Kinetic and Potential Energy Visualiser

A 2 kg ball is dropped from a height of 20 m. What is its speed just before hitting the ground? (Ignore air resistance.)

Using conservation of energy:

At the top: all energy is PE = mgh = 2 × 9.81 × 20 = 392.4 J, KE = 0

At the bottom: all energy is KE, PE = 0

$\frac{1}{2}mv^2 = mgh \quad \Rightarrow \quad v = \sqrt{2gh} = \sqrt{2 \times 9.81 \times 20} \approx 19.8 \text{ m/s}$

Note: the mass cancels — all objects (regardless of mass) reach the same speed when dropped from the same height.

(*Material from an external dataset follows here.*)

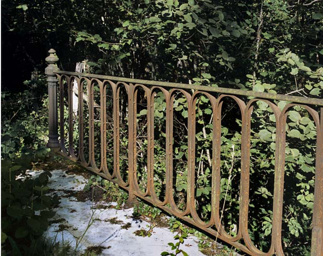
Détail d'un garde-corps.

A roller coaster cart starts from rest at a height of 40 m. What is the minimum height a loop of radius 8 m can be at for the cart to complete the loop?

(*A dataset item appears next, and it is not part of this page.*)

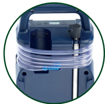
La bomba lleva instalados el mástil y el tubo de muestreo durante el uso y el transporte

El Vortex3 es un dispositivo perfecto para el personal que realiza inspecciones de muestreo formado a nivel RP402 por BOHS.

At the top of the loop, the cart needs a minimum centripetal acceleration of g:

$v_{min}^2 = gR = 9.81 \times 8 = 78.5 \text{ m}^2\text{/s}^2$

Using energy conservation from start height $H$ to loop top height $h_{loop} + 2R$:

$mgH = mg(h_{loop} + 2R) + \frac{1}{2}mv_{min}^2$

If the loop sits at ground level ($h_{loop} = 0$):

$h_{loop} = H - 2R - \frac{v_{min}^2}{2g} = 40 - 16 - 4 = 20 \text{ m}$

The loop top is at 16 m. Since 40 m > 16 m, the cart completes the loop with speed to spare.